Like the other surfaces, the data was adjusted to account for viral retention on the PTFE surface. The PTFE surface yielded MS-2 inactivation to the detection limit at a UV dose of 25 mJ/cm². To create a UV dose-response curve, additional experiments were conducted at 10 mJ/cm². The UV dose-response curve from 0–25 mJ/cm² was linear, with a strong correlation (R² = 0.999), such that as the UV dose increased, log MS-2 bacteriophage dramatically increased. MS-2 bacteriophage could not be recovered from the PTFE surface after receiving a 25 mJ/cm² UV dose.

Unlike the results of the aluminum surface, MS-2 loss was not observed at the positive control (0 mJ/cm²) data points. This suggests that the high inactivation levels observed are a result of the UV₂₅₄ doses received, rather than an interaction between surface and virus.

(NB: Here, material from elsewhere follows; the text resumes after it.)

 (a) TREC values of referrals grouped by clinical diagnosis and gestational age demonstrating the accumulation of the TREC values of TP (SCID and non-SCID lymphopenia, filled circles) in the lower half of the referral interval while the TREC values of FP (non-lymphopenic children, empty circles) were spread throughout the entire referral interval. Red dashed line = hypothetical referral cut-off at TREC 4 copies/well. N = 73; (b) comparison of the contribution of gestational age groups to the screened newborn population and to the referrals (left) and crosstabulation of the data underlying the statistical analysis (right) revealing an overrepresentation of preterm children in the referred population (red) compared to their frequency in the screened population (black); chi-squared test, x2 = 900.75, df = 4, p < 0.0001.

The PTFE achieved the highest inactivation level of all surfaces experimented on. These results indicate that the PTFE surface interacts with UV₂₅₄ wavelengths, resulting in significantly higher levels of inactivation, warranting further discussion.

3.5. Stainless Steel

The data below (Figure 6) displays the results of MS-2 inactivation on the stainless steel surface for UV₂₅₄ doses 0–100 mJ/cm².

The data shown in Figure 6 displays a strong correlation (R² = 0.991) between UV dose and log MS-2 bacteriophage loss. As the UV dose increased, the loss of MS-2 bacteriophage increased. The maximum level of inactivation on the surface was 4.6 log, which occurred after the 100 mJ/cm² UV dose.

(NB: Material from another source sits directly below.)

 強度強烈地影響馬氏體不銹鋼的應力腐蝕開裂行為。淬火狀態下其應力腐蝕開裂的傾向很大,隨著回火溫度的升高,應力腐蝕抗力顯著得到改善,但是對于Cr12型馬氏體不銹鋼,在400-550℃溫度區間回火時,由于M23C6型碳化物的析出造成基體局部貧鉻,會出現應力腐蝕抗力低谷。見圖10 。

This data was adjusted to account for viral retention on the stainless steel surfaces. These data appear like the Formica laminate results (Figure 4), such that as UV dose increases, log inactivation of MS-2 increases. Although, these data have higher variability than the Formica laminate results.

The dose-response curves displayed in Figure 2, Figure 3, Figure 4, Figure 5 and Figure 6 highlight the importance of surface type on UV₂₅₄ inactivation efficacy. Further surface characterization was performed to gain a better understanding of the mechanisms responsible for altering the dose-response curves by surface type. These values were tabulated and are shown in

Table 3. Tabulated data for each surface.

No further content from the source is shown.